Internal Sequence of SGF-1 (40 kDa) Protein

Proteins present in the reverse phase fraction were precipitated with trichloroacetic acid/deoxycholate, and the sediment was dissolved in SDS-PAGE loading buffer. One-tenth of this mixture was electrophoresed to estimate the total yield of SGF-1 by Coomassie Brilliant Blue staining (Fig. 2 B). About 4 µg of the SGF-1 (40 kDa) protein (approximately 100 pmol) and 1 µg of the SGF-1 (41 kDa) protein (25 pmol) were purified. These two proteins together comprised over 85% of the precipitated reverse phase fraction. The entire precipitated reverse phase fraction was loaded onto a SDS-PAGE gel, and the SGF-1 (40 kDa) protein was excised from the gel and digested by trypsin. The SGF-1 digestion products were separated by HPLC, and their sequences were partially determined. Several SGF-1 fragments (21A, 25A, 44A, 8B, and 25B) revealed useful sequences. These peptides are indicated by underlines in Fig. 5 A, and their sequences are listed in the figure legend.

Cloning of SGF-1 cDNA

The partial SGF-1 peptide sequences were compared with a non-redundant protein sequence data base using the Fasta program (13) . The overlapping peptides 21A and 25A were found to be contained within the Drosophila fork head protein (6) . Peptide 8B was very similar to another part of Drosophila fork head (data not shown). We therefore concluded that SGF-1 belongs to the fork head/HNF-3 family (see Refs. 7 and 14).

Several members of this family have been recently cloned in our laboratory from a Bombyx embryonic cDNA library.() One of these clones appears to encode several SGF-1 peptides.() This embryonic cDNA clone was used to screen a MSG cDNA library. Over 20 putative positive clones were identified in among approximately 3.5 10plaque-forming units of the unamplified library. 12 of them were isolated, mapped by restriction enzyme digestion and Southern hybridization, and partially sequenced.

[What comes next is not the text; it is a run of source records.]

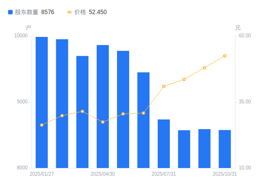 近一年(2024年11月30日至2025年10月31日),普蕊斯A股股东户数从9989户,减低至8576户,降幅14.15%,区间股价上涨68.06%。
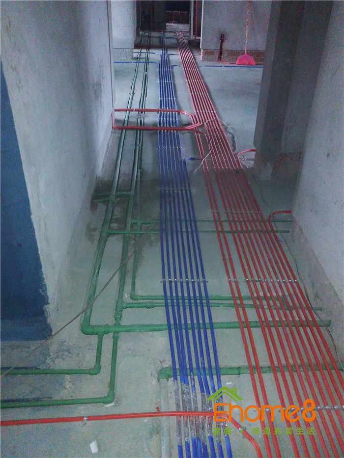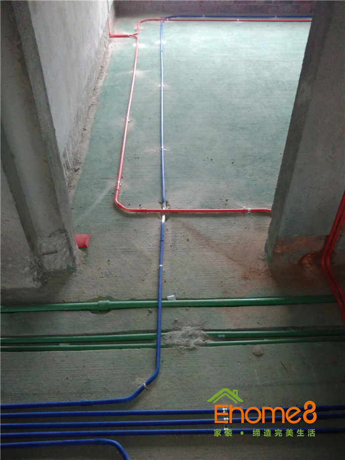 單管單槽,按國標工藝走線管水管,橫平豎直,八字拐角,采用德系歐標的水電材料
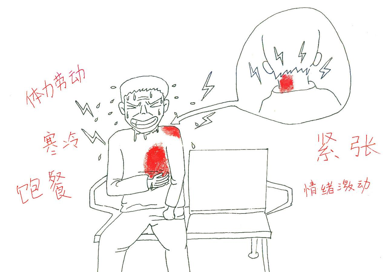心梗常在受凉、饱餐、劳力活动或情绪激动时发作,胸痛、胸闷或胸前压迫感、紧迫感,最常见在胸前正中或稍偏左,有的是整个胸前,也有的在上腹部(心窝处),半数以上患者胸痛有牵扯到其它部位,如左肩、左手是最常见的部位。持续时间多在1-15分钟左右,较少超过30分钟,在休息或舌下含服硝酸甘油后,一般在2-5分钟内能明显缓解。也可以突然发作,可以无任何先兆不适。
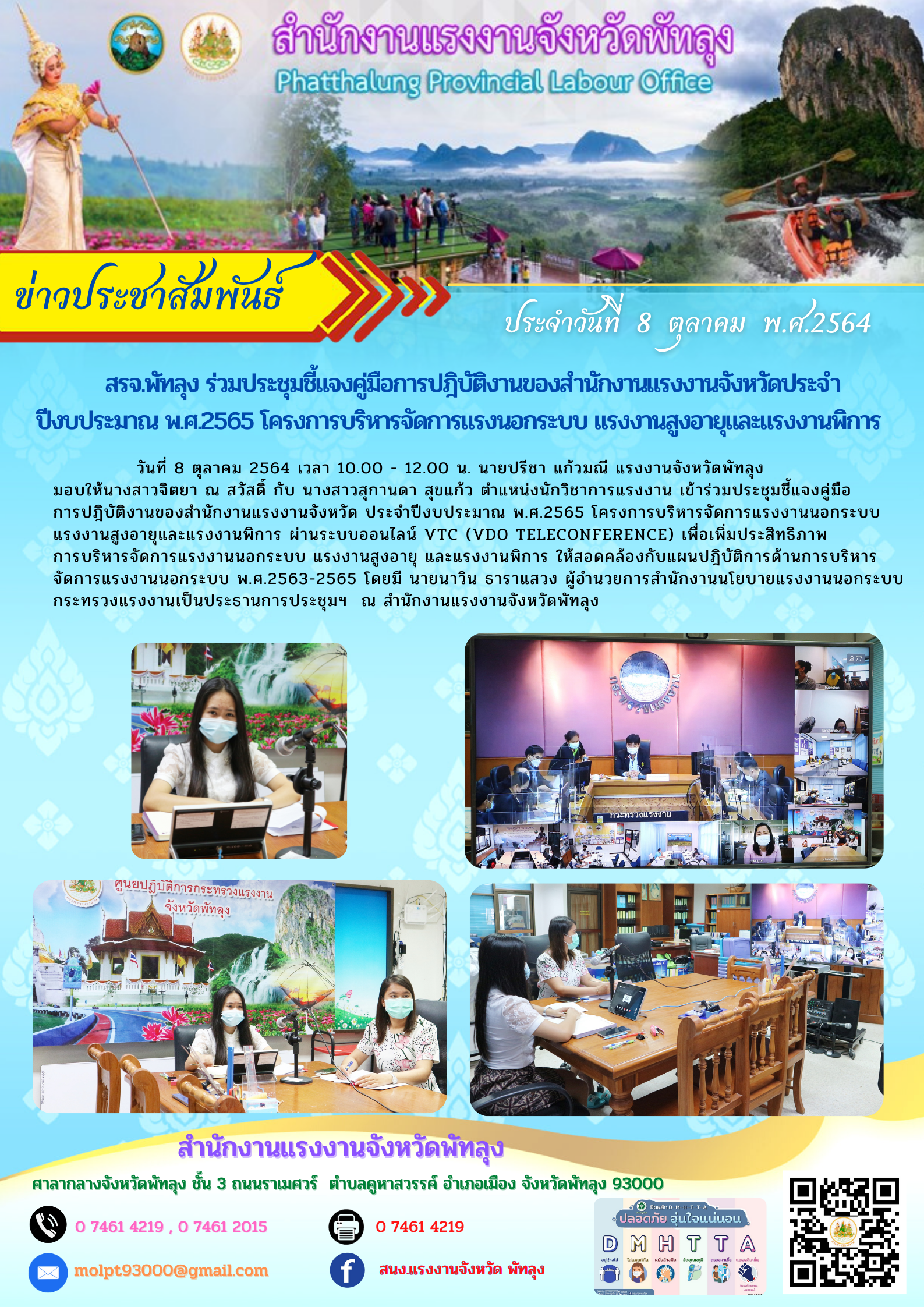 วันที่ 8 ตุลาคม 2564 เวลา 10.00 – 12.00 น. นายปรีชา แก้วมณี แรงงานจังหวัดพัทลุง มอบให้นางสาวจิตยา ณ สวัสดิ์ กับ นางสาวสุกานดา สุขแก้ว ตำแหน่งนักวิชาการแรงงาน เข้าร่วมประชุมชี้แจงคู่มือ การปฎิบัติงานของสำนักงานแรงงานจังหวัด ประจำปีงบประมาณ พ.ศ.2565 โครงการบริหารจัดการแรงงานนอกระบบ แรงงานสูงอายุและแรงงานพิการ ผ่านระบบออนไลน์ VTC (VDO Teleconference) เพื่อเพิ่มประสิทธิภาพ การบริหารจัดการแรงงานนอกระบบ แรงงานสูงอายุ และแรงงานพิการ ให้สอดคล้องกับแผนปฎิบัติการด้านการบริหารจัดการแรงงานนอกระบบ พ.ศ.2563-2565 โดยมี นายนาวิน ธาราแสวง ผู้อำนวยการสำนักงานนโยบายแรงงานนอกระบบ กระทรวงแรงงานเป็นประธานการประชุมฯ ณ สำนักงานแรงงานจังหวัดพัทลุง
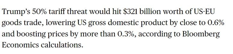 彭博社的計(jì)算結(jié)果顯示,50%的關(guān)稅將影響價(jià)值高達(dá)3210億美元的美歐商品貿(mào)易,一旦征收,將使美國國內(nèi)生產(chǎn)總值(GDP)下降近0.6%,物價(jià)上漲超過0.3%。
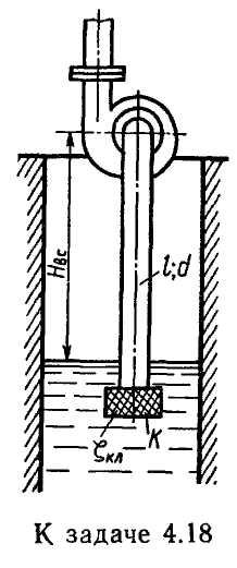 Задача 4.18. Определить абсолютное давление воды перед входом в центробежный насос при подаче Q = 0,628 л/с и высоте всасывания Hвс = 5 м. Всасывающую трубу, длина которой l = 8 м, диаметр d=20 мм, считать гидравлически гладкой. Учесть сопротивление приемного клапана К с фильтрующей сеткой £Кл = 3. Вязкость воды v = 0,01 Ст. Атмосферное давление - 750 мм рт. ст.
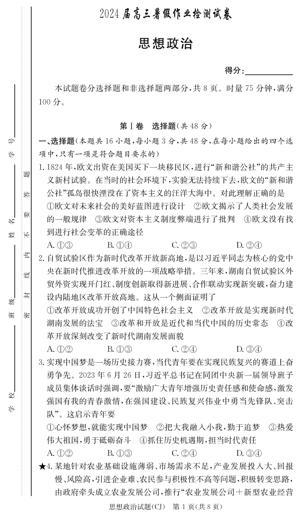 湖南省长沙市长郡中学2024届高三上学期入学考试政治
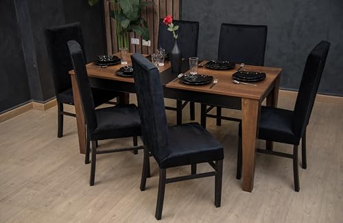 Generic - MDF Dining Table for 6 Persons – Classic Design and Elegant Velvet Upholstery
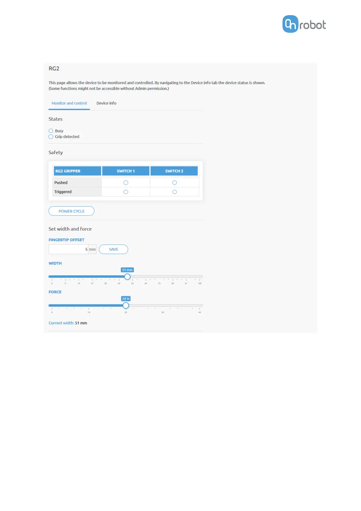 Fingertip oset must be set according to the current fingertips attached to the gripper. Oset

The entire 3.1-kb insert of the SGF-1 cDNA 6 clone was sequenced (Fig. 5 A). The sequence revealed a 1047-base pair-long ORF (nucleotides 36-1082), encoding a 38.8-kDa protein that contains all the peptides obtained by the SGF-1 (40 kDa) trypsin digest. The starting AUG codon is preceded by sequence AGCC, which corresponds relatively well with the Drosophila translation start consensus (15) .


Figure 5: Nucleotide sequences of the SGF-1 cDNA clones. A, nucleotide sequence and predicted translation of the SGF-1 cDNA clone 6. The completely sequenced full-lengthcDNA 6 is 3078 base pairs long and encodes a 349-amino acid-long polypeptide. Amino acids are shown and numbered in italics. The putative polyadenylation signal and the peptide sequences determined from the trypsin digest of the SGF-1 40-kDa protein are underlined. Not all amino acid residues in the underlined peptides were resolved by peptide sequencing. The actually unambiguously determined amino acid residues are as follows: peptide 44A, EQ XXXSPTSALQ; Peptide 25A, FKDEK; Peptide 21A, XKDEKK; Peptide 41A, LLPGADTK; Peptide 8B, QEPSGYAPAQHPF; Peptide 25B, XYDVNYGYG XXPA XNYY. B, partial sequences of several SGF-1 cDNAs. Left, the extreme 5`-ends of SGF-1 cDNAs 6, 9, 13, and 5. The clones differ by only a few nucleotides and therefore may correspond to (nearly) full-length cDNAs.Right, the sequences of clones 6, 9, 13,and 3 represent the extreme 3`-ends of the respective clones. The sequence of clone 5 maps approximately 0.8 kb from the actual 3`-end of this clone. The underlined putative polyadenylation signal was probably used by clones 6, 3, 9 (and 13) but not by clone 5.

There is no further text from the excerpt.